Data to examine:
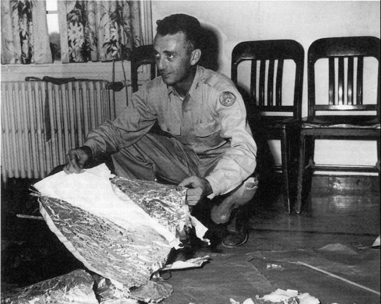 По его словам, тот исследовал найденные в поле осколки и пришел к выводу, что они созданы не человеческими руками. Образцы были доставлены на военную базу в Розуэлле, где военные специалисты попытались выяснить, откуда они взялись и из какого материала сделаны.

* * *

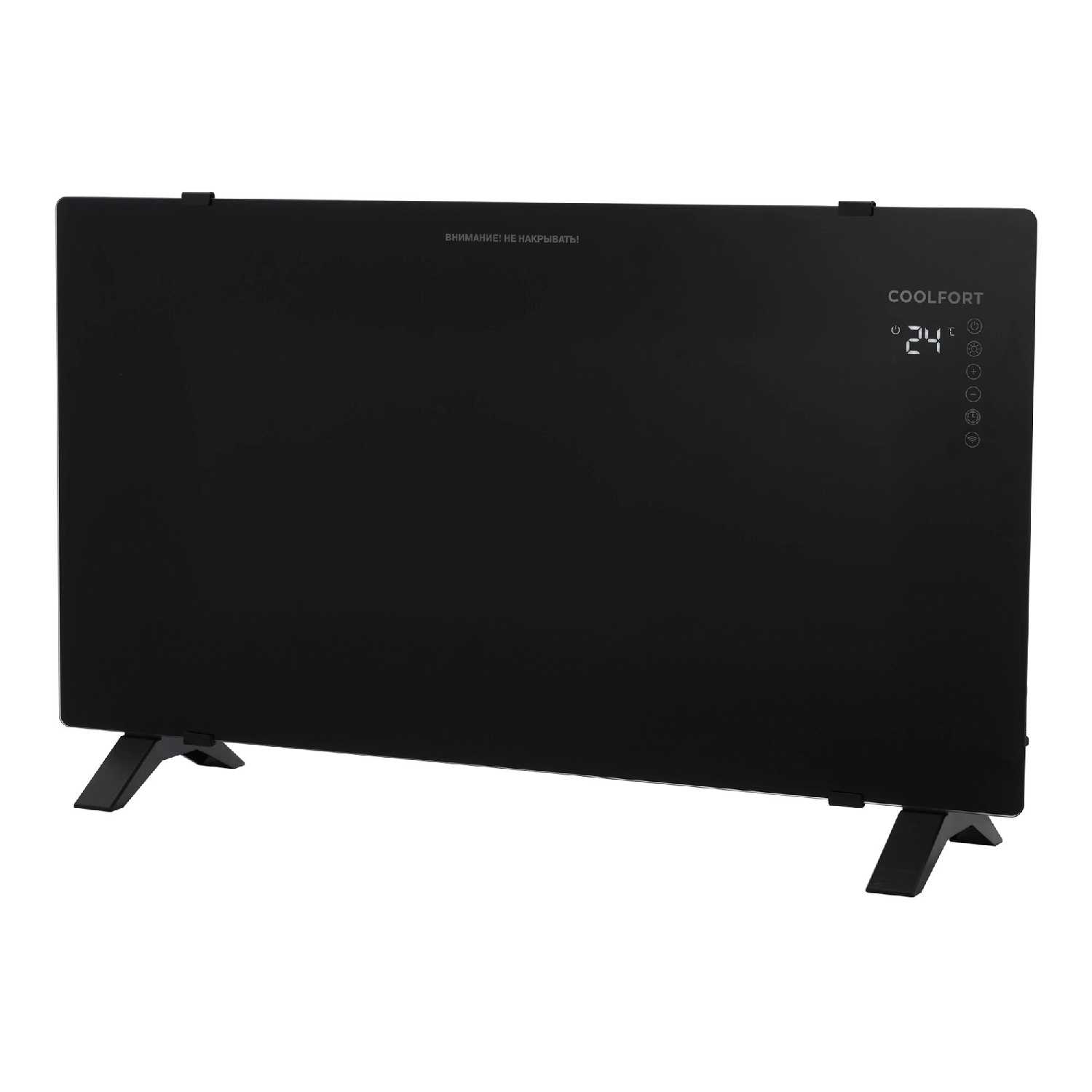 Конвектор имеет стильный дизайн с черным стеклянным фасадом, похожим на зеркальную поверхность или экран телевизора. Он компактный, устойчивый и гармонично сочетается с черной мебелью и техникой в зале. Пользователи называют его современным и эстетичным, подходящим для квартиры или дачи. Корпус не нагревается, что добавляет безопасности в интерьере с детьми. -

* * *

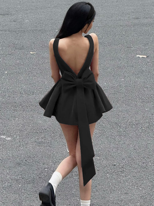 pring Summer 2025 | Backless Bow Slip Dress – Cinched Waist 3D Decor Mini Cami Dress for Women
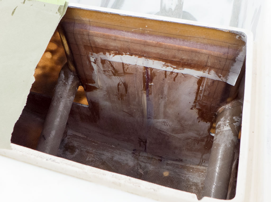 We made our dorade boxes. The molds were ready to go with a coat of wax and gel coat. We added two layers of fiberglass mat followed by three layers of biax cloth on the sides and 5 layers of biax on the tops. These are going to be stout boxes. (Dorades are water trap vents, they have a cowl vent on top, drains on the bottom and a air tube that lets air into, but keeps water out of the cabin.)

What you have to do: Precisely those lines above that run from the line with "pring Summer 2025" up to and including the line with "We made our" are to be set down, with the pictures omitted.

The answer:
 pring Summer 2025 | Backless Bow Slip Dress – Cinched Waist 3D Decor Mini Cami Dress for Women
 We made our dorade boxes. The molds were ready to go with a coat of wax and gel coat. We added two layers of fiberglass mat followed by three layers of biax cloth on the sides and 5 layers of biax on the tops. These are going to be stout boxes. (Dorades are water trap vents, they have a cowl vent on top, drains on the bottom and a air tube that lets air into, but keeps water out of the cabin.)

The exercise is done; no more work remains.